Methods and compositions using klotho variant polypeptides
Abstract
The present disclosure is directed to compositions and methods related to an alpha sKlotho variant or fragment, in which 1 to up to about 20 amino acids have been deleted from the C-terminus, optionally also having mutations at V563 and/or K795. The present disclosure also pertains to an alpha sKlotho polypeptide variant or fragment, having mutations at V563 and/or K795, wherein the polypeptide variant or fragment is full-length, or optionally 1 to up to about 20 amino acids have been deleted from the C-terminus. The present disclosure also pertains to fusion polypeptides comprising: (a) an alpha sKlotho, in which 1 to up to about 20 amino acids have been deleted from the C-terminus, optionally also having mutations at V563 and/or K795; (b) a linker; and (c) FGF23, optionally having a mutation at R179, C206 and/or C244, or (c) serum albumin.
Claims
exact text as granted — not AI-modified1 - 34 . (canceled)

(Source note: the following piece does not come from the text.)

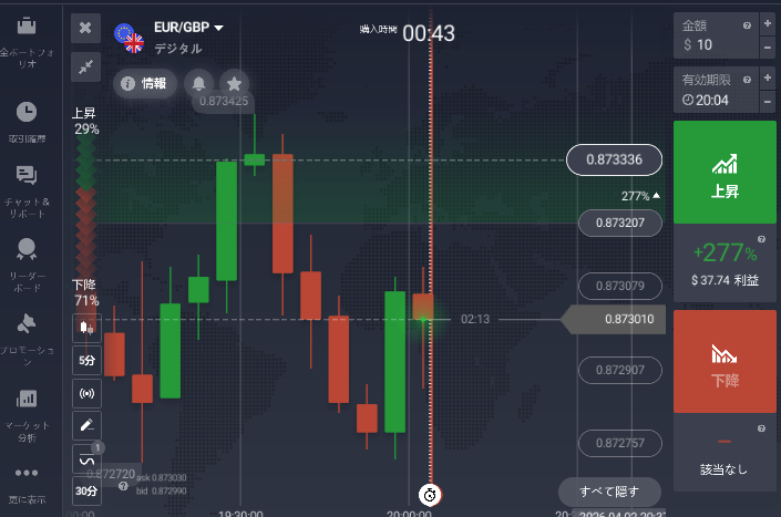 スマホでも指一本でサクサク操作でき、誤タップが極めて少ない設計。 5秒取引でも約定ズレがほとんどなく、「狙ったタイミングで確実にエントリー」できます。

35 . A method of treating or preventing a Klotho-related disease, comprising the step of administering to an individual in need thereof a therapeutically effective dose of a composition comprising an alpha sKlotho, in which about 20 amino acids have been deleted from the C-terminus, optionally also having mutations at V563 and/or K795.
36 . (canceled)
37 . The method of claim 35 or 36 , wherein the Klotho-related disease is selected from the group consisting of: an age-related condition, a metabolic disorder, hyperphosphatemia, calcinosis, chronic renal disease, chronic renal failure, cancer, breast cancer, and muscle atrophy.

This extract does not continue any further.